▶ **What is required**: Include in the reply only the lines from the start of the data below through the line containing "ANSMANN AG Toy", reproduced exactly and with no pictures.

[Records from a dataset]
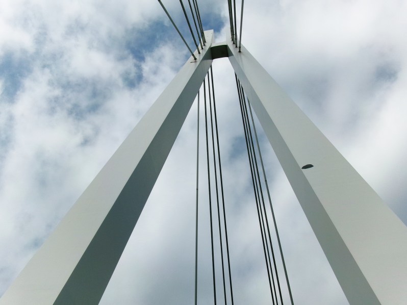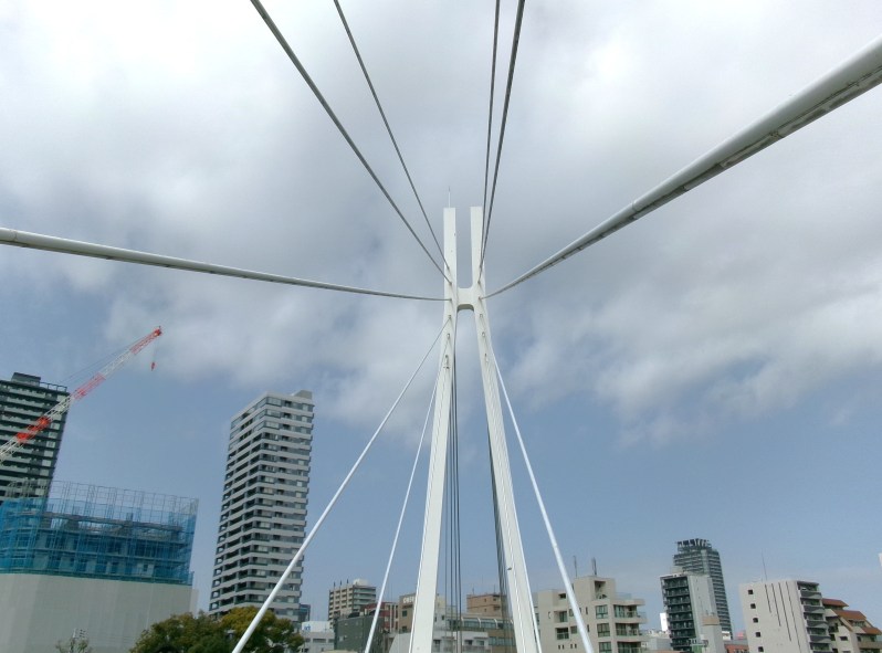 形式は斜張橋です。この形式は高い塔から多くのケーブルを出し、桁を吊るタイプのものです。景観を重要視し、技術的にも優れているとして、土木学会の賞を受けました😆
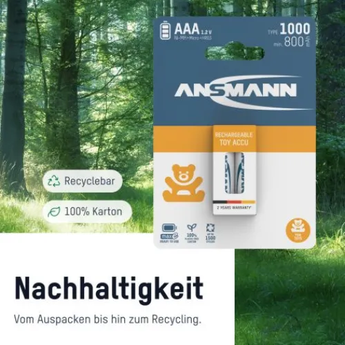 ANSMANN AG Toy NiMH Akku Micro AAA Typ 1000 (min. 800 mAh) maxE 2er Papierblister^ Akkus
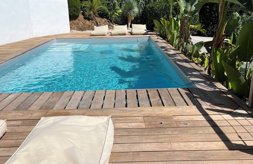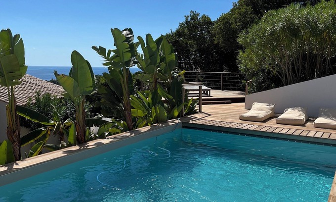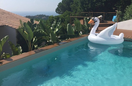 Villa renovate in July 2017 by a interior designer with its swimming pool and its 40m2 teak terrace and an exceptional view of the sea. Close to the beaches ( next to Landing beach and close to Saint Tropez beaches Pampelone ) luxury villa, great comfort, high quality furnishings, it is a luxurious villa in a quiet residential area close to all amenities.
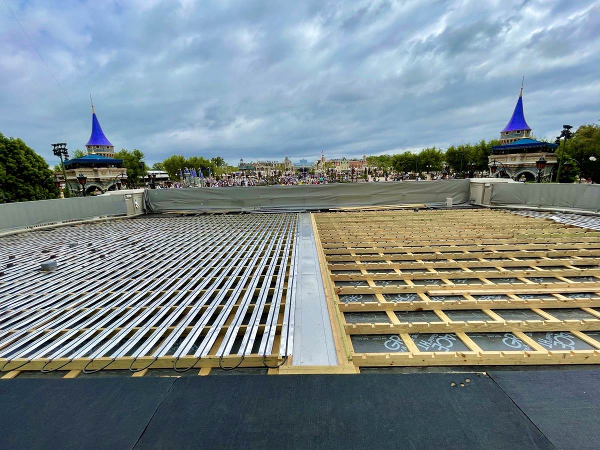 Walking along the path to enter the castle’s breezeway gives Guests an easy look at the work being done on the new stage.
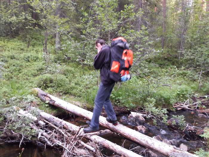 Из этих болот вниз стекают бойкие ручейки, которые тоже приходилось преодолевать. К сожалению, фотографии ручья лучше, чем эта нет. Здесь Алексей переходит через ручей по бревну и одновременно убивает какое-то назойливое насекомое.
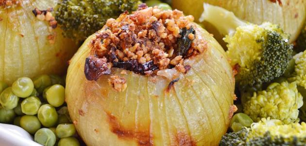 - نَفصل طبقاتِ البصل عن بعضها البعض، ونبدأ بحشوِ كل طبقةٍ بكميةٍ من حشوة الأرز، ونَلفها كما نَلف ورقِ العنب، ثمّ نُرتبها في طبق للفرن، ونكرر العملية حتى نَنتهي من لَفِّ طبقاتِ البصل كلها.
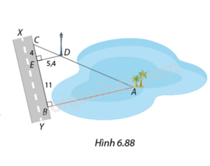 Trong Hình 6.88, để đo khoảng cách \(AB\) từ vị trí \(A\) giữa hồ nước đến đường \(XY\), Nam đi dọc đường đến vị trí C sao cho điểm A, C và chân cột đèn D thẳng hàng. Nam đo được khoảng cách từ D đến đường XY là \(DE = 5,4m\), ngoài ra \(CE = 4m\) và \(BE = 11m\). Tính khoảng cách \(AB\)
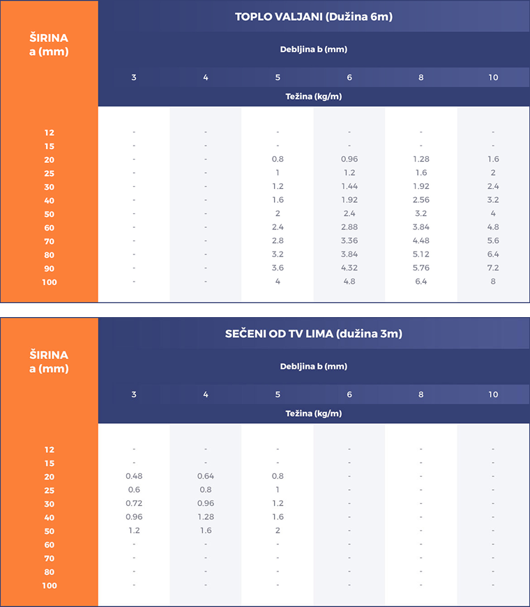 - Orijentaciona težina se računa po formuli: a(mm) × b(mm) × dužina (m) × 8 / 1000
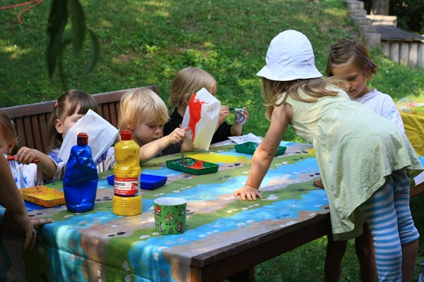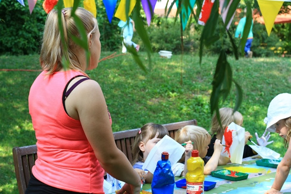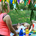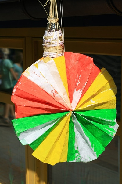 Für eine Blume braucht man 8 Butterbrottüten. Diese mit Wasserfarbe anmalen und trocknen lassen. Anschließend aufeinander kleben. Nun am offenen Ende eine Rundung abschneiden. Zuletzt die oberste und unterste Tüte zueinanderführen und Verkleben. Eine Blütenrosette entsteht. Einen Faden durchfädeln und aufhängen
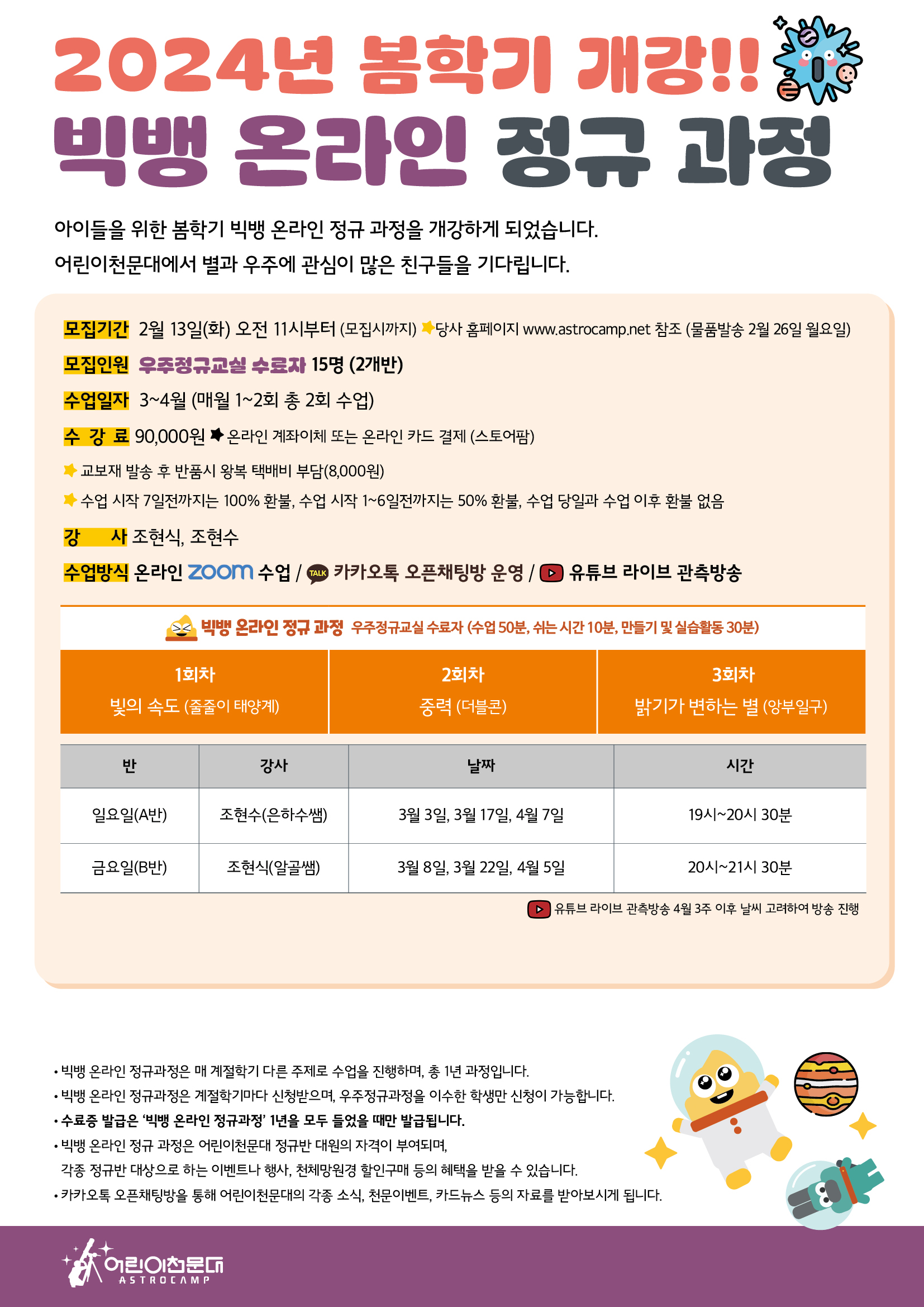 [봄학기] 우주 온라인 정규 과정 안내
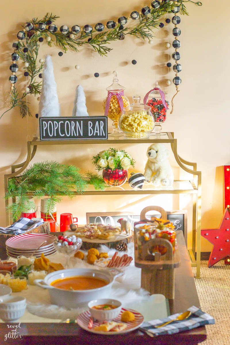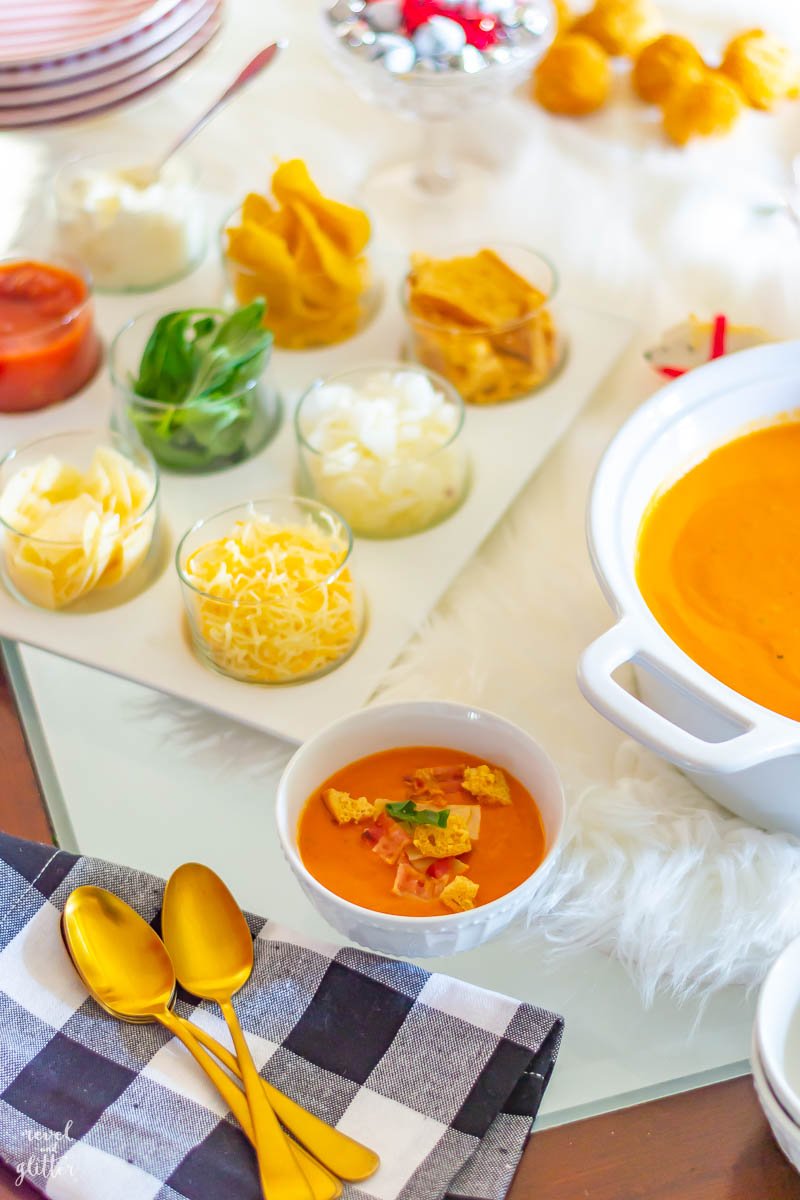 Our menu is all about the comfort food! We did a twist on the classic tomato soup/grilled cheese combo with a tasty tomato bisque with a toppings bar and other store-bought appetizers.
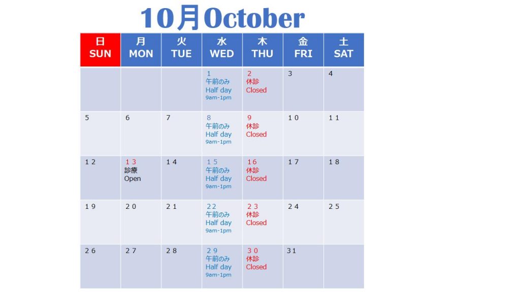 長い夏もやっと落ち着き、小さい秋がそこここで見つけられるようになってきました。暑く長い夏の疲れがどっと出てくる時期でもあります。季節の変わり目、体調を崩さないようにお気を付け下さいね。体調が優れない時はいつでもご連絡ください。
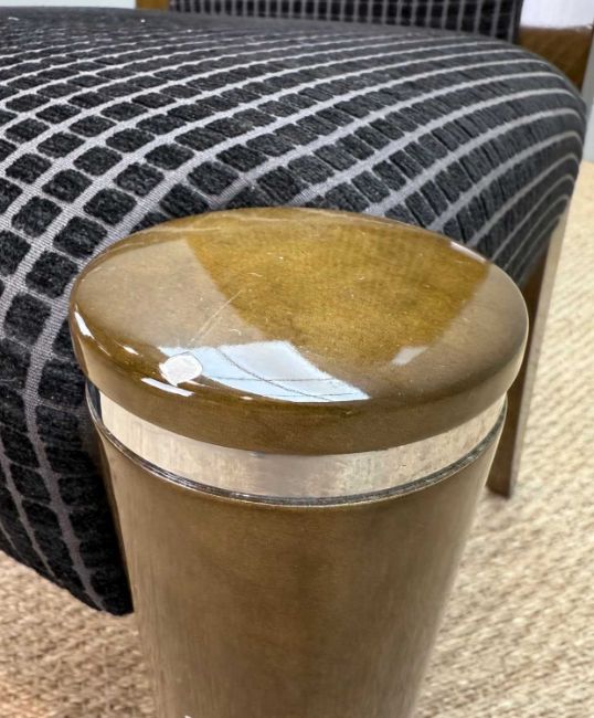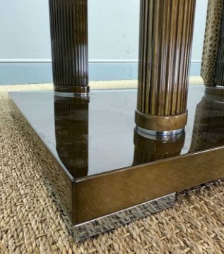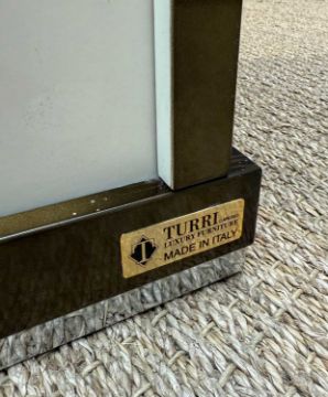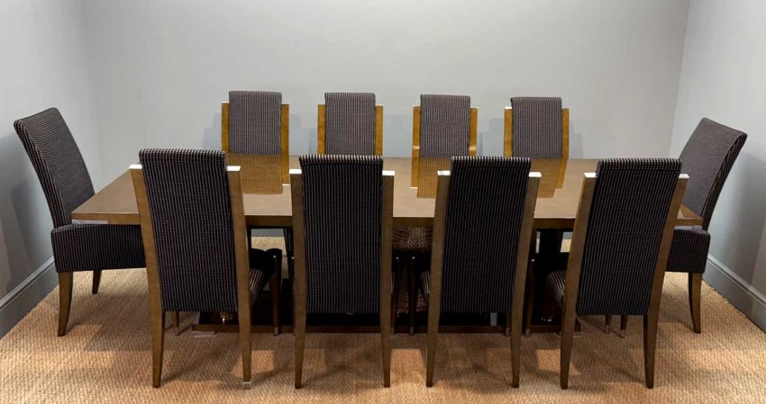 CONTEMPORARY ITALIAN TURRI DINING SUITE comprising, large high-gloss lacquered brown dining table, chrome accents, supported at each corner by oval, reeded columns & larger central oval column part-covered in embossed leather, standing on similar plinth with chrome feet, 75 (h) x 280 (w) x 120cms (d), ten upholstered dining chairs inc. two carvers with decorative lacing to rear, 110cms (h), associated sideboard, central reeded half-column, 86 (h) x 230 (w) x 51cms (d) (12)Provenance: private collection PembrokeshireComments: table top light scratches and a few small chips, top currently loose from base and screws provided, chair upholstery good, one or two small chips to frames, overall very good, sideboard with light scratches from normal use, inspection advised, very heavy and large, minimum two person to collect and suitable transport
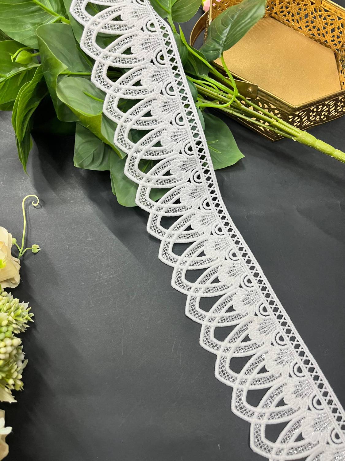 - Length: 9 meter – High-quality white scalloped lace with sparkling sequin embellishments.

▶ **Solution to this exercise**:
 形式は斜張橋です。この形式は高い塔から多くのケーブルを出し、桁を吊るタイプのものです。景観を重要視し、技術的にも優れているとして、土木学会の賞を受けました😆
 ANSMANN AG Toy NiMH Akku Micro AAA Typ 1000 (min. 800 mAh) maxE 2er Papierblister^ Akkus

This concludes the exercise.